START INFORMATION SUPPLIED

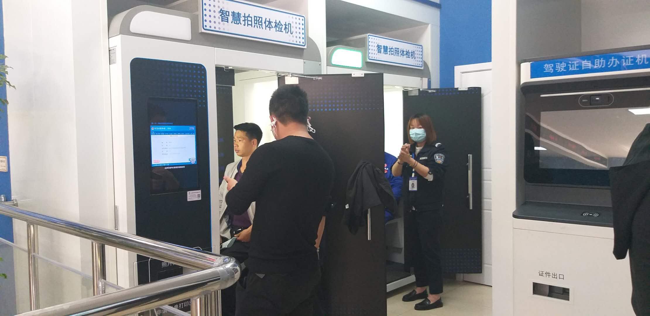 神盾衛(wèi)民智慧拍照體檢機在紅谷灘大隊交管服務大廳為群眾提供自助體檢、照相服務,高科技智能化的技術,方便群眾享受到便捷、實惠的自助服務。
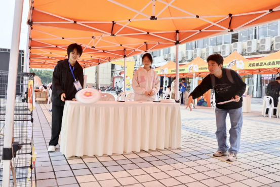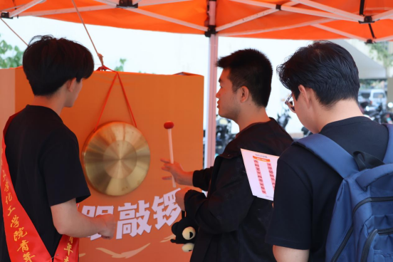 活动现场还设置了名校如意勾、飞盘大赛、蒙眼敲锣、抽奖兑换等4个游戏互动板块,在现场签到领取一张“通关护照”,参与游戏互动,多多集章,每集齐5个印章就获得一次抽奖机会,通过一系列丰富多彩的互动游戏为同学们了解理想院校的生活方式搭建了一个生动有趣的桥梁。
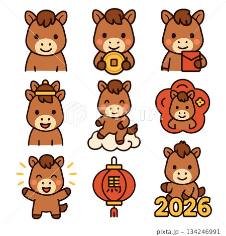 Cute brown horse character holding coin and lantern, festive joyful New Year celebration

END INFORMATION SUPPLIED

**TO DO**
Set down the material above word for word and skip its pictures.

**ANSWER BOX**
 神盾衛(wèi)民智慧拍照體檢機在紅谷灘大隊交管服務大廳為群眾提供自助體檢、照相服務,高科技智能化的技術,方便群眾享受到便捷、實惠的自助服務。
 活动现场还设置了名校如意勾、飞盘大赛、蒙眼敲锣、抽奖兑换等4个游戏互动板块,在现场签到领取一张“通关护照”,参与游戏互动,多多集章,每集齐5个印章就获得一次抽奖机会,通过一系列丰富多彩的互动游戏为同学们了解理想院校的生活方式搭建了一个生动有趣的桥梁。
 Cute brown horse character holding coin and lantern, festive joyful New Year celebration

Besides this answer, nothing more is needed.